Task requirements:
Each record that comes next should be output exactly; pictures do not belong in the copy.

Records excerpted from a collection
◇ ◇ ◇ ◇ ◇
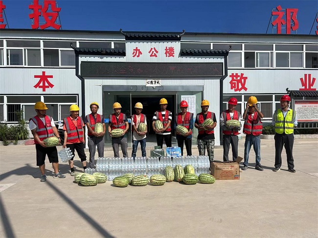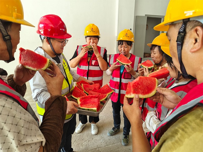 为了确保建筑工人的身体健康和施工安全,项目部高度重视防暑降温工作,提前制定了详细的防暑降温方案。项目部实行“抓两头、歇中间”的作息制度,让工人们能够在相对凉爽的时间段进行作业。在施工现场,项目部设置了多个防暑降温休息点,配备了充足的饮用水、绿豆汤、西瓜、藿香正气水等消暑“神器”,保障一线建设者度过高温天气。
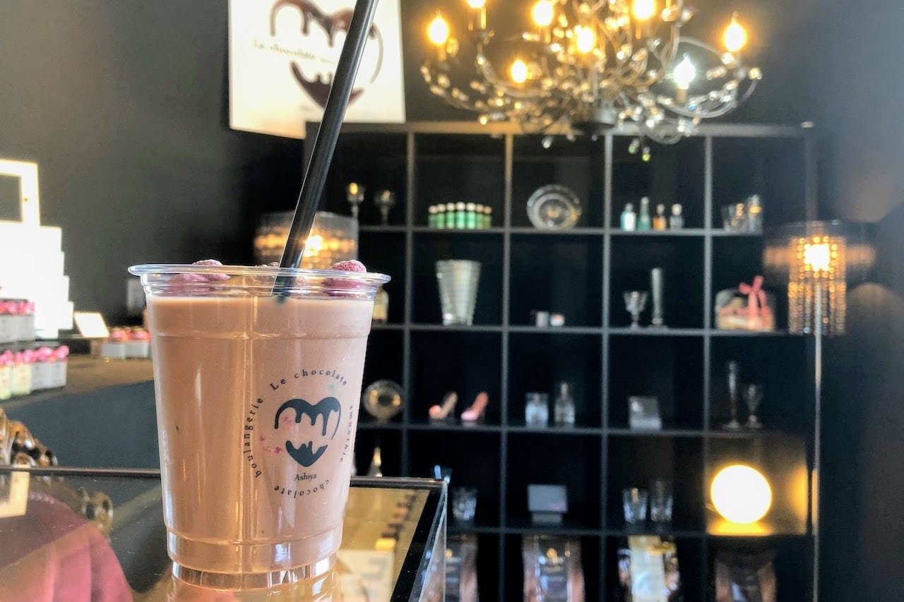 JR芦屋駅近くの2号線沿い、茶屋之町北交差点のあたりにあるチョコレート専門店「Le chocolate(ル・ショコラ) cherry.c」でチョコレートドリンクを販売していたので、飲んでみました!
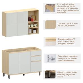 • Pintura: Armário: 4 Prateleiras Interna/Dobradiças Metálicas 35 mm com Amortecimento/2 Puxadores J em MDF 18 mm; Balcão: 1 Prateleira Interna/5 Puxadores J em MDF 18 mm/Pés na Cor Conhaque com Regulagem de Altura;
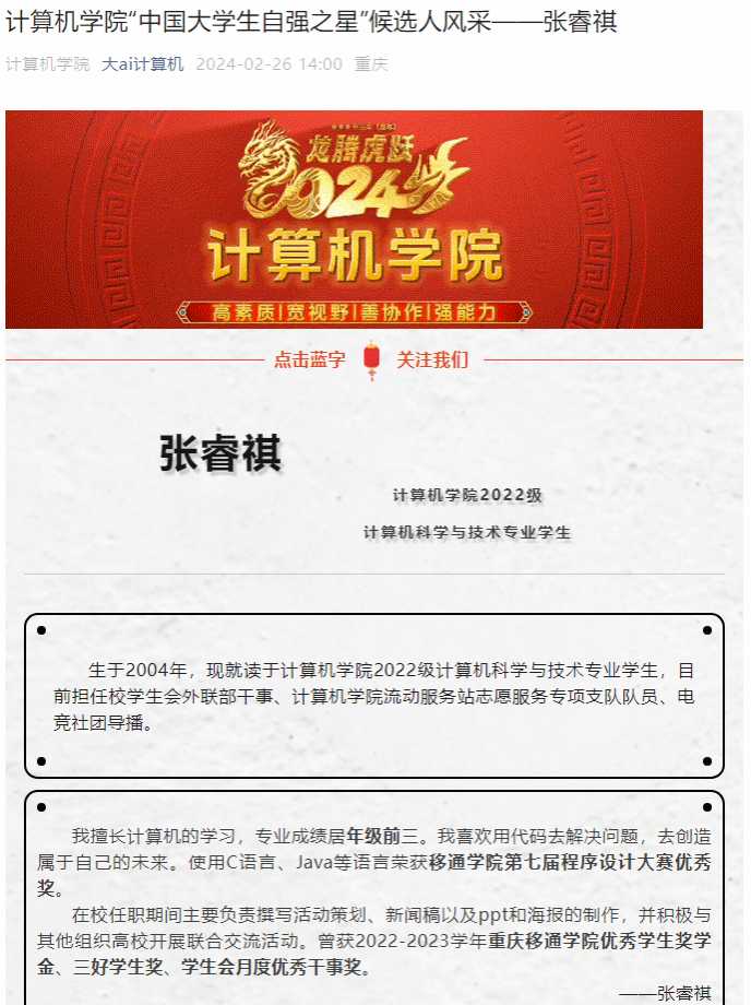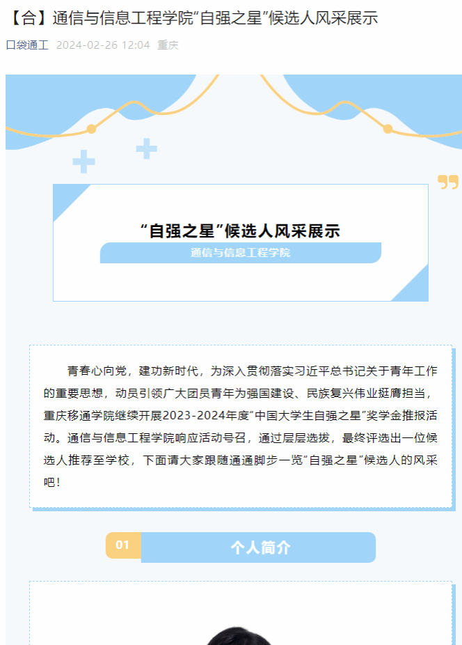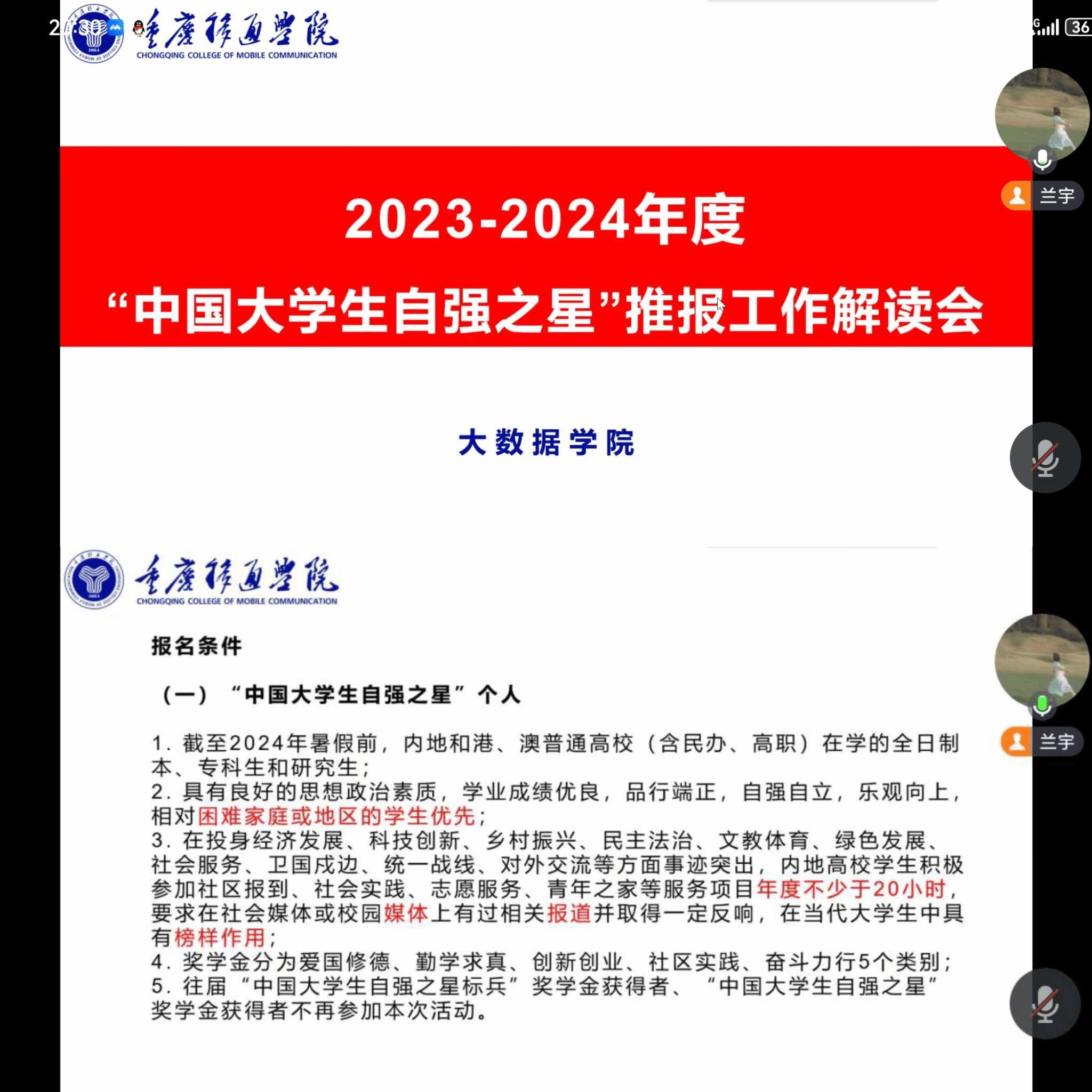 为深入贯彻落实习近平总书记关于青年工作的重要思想,动员引领广大团员青年为强国建设、民族复兴伟业挺膺担当,在广大青年群体中厚植爱党、爱国、爱社会主义的情感,根据团中央、全国学联《2023—2024年度“中国大学生自强之星”奖学金项目说明书》和团市委《关于组织开展2023-2024年度重庆市“大学生自强之星”奖学金项目推报工作的预通知》相关要求,校团委下发关于组织开展2023-2024年度重庆移通学院“中国大学生自强之星”推报工作(预通知),指导各二级学院做好“大学生自强之星”活动宣传发动,组织开展推报工作解读会。
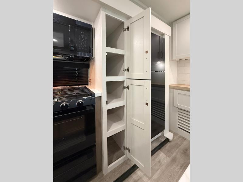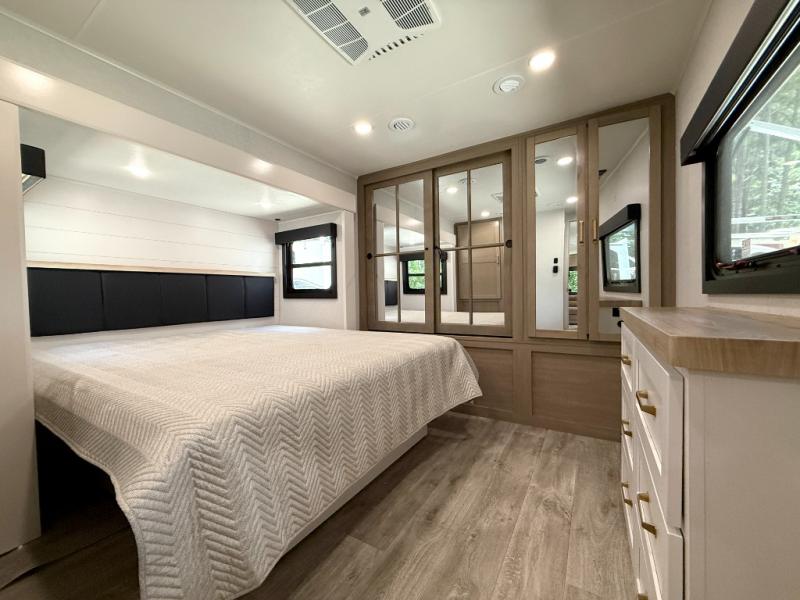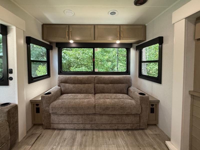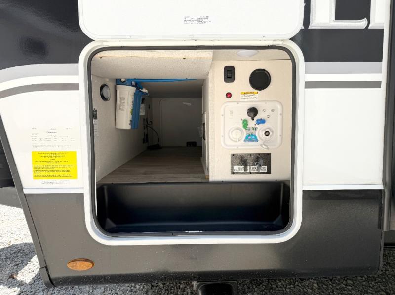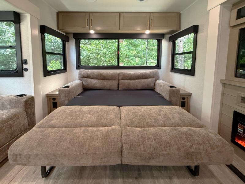 You will feel right at home camping in this travel trailer! It features a front private bedroom with an Olympic queen bed slide for more interior space, a dresser, a front wardrobe to hang your clothes, and a wardrobe that is prepped to add an optional washer and dryer. Start each morning getting squeaky clean in the full bathroom with the shower and then head to the kitchen to fry up some eggs on the stainless steel range. The kitchen island with a multi-functional sink will help make meal prepping easier too, plus there is a hutch to store your dishes. Enjoy a relaxing evening by the fireplace and watch your favorite movie with the entertainment center while sitting on either the rear tri-fold sofa or the theater seating!
◇ ◇ ◇ ◇ ◇
The answer:
 为了确保建筑工人的身体健康和施工安全,项目部高度重视防暑降温工作,提前制定了详细的防暑降温方案。项目部实行“抓两头、歇中间”的作息制度,让工人们能够在相对凉爽的时间段进行作业。在施工现场,项目部设置了多个防暑降温休息点,配备了充足的饮用水、绿豆汤、西瓜、藿香正气水等消暑“神器”,保障一线建设者度过高温天气。
 JR芦屋駅近くの2号線沿い、茶屋之町北交差点のあたりにあるチョコレート専門店「Le chocolate(ル・ショコラ) cherry.c」でチョコレートドリンクを販売していたので、飲んでみました!
 • Pintura: Armário: 4 Prateleiras Interna/Dobradiças Metálicas 35 mm com Amortecimento/2 Puxadores J em MDF 18 mm; Balcão: 1 Prateleira Interna/5 Puxadores J em MDF 18 mm/Pés na Cor Conhaque com Regulagem de Altura;
 为深入贯彻落实习近平总书记关于青年工作的重要思想,动员引领广大团员青年为强国建设、民族复兴伟业挺膺担当,在广大青年群体中厚植爱党、爱国、爱社会主义的情感,根据团中央、全国学联《2023—2024年度“中国大学生自强之星”奖学金项目说明书》和团市委《关于组织开展2023-2024年度重庆市“大学生自强之星”奖学金项目推报工作的预通知》相关要求,校团委下发关于组织开展2023-2024年度重庆移通学院“中国大学生自强之星”推报工作(预通知),指导各二级学院做好“大学生自强之星”活动宣传发动,组织开展推报工作解读会。
 You will feel right at home camping in this travel trailer! It features a front private bedroom with an Olympic queen bed slide for more interior space, a dresser, a front wardrobe to hang your clothes, and a wardrobe that is prepped to add an optional washer and dryer. Start each morning getting squeaky clean in the full bathroom with the shower and then head to the kitchen to fry up some eggs on the stainless steel range. The kitchen island with a multi-functional sink will help make meal prepping easier too, plus there is a hutch to store your dishes. Enjoy a relaxing evening by the fireplace and watch your favorite movie with the entertainment center while sitting on either the rear tri-fold sofa or the theater seating!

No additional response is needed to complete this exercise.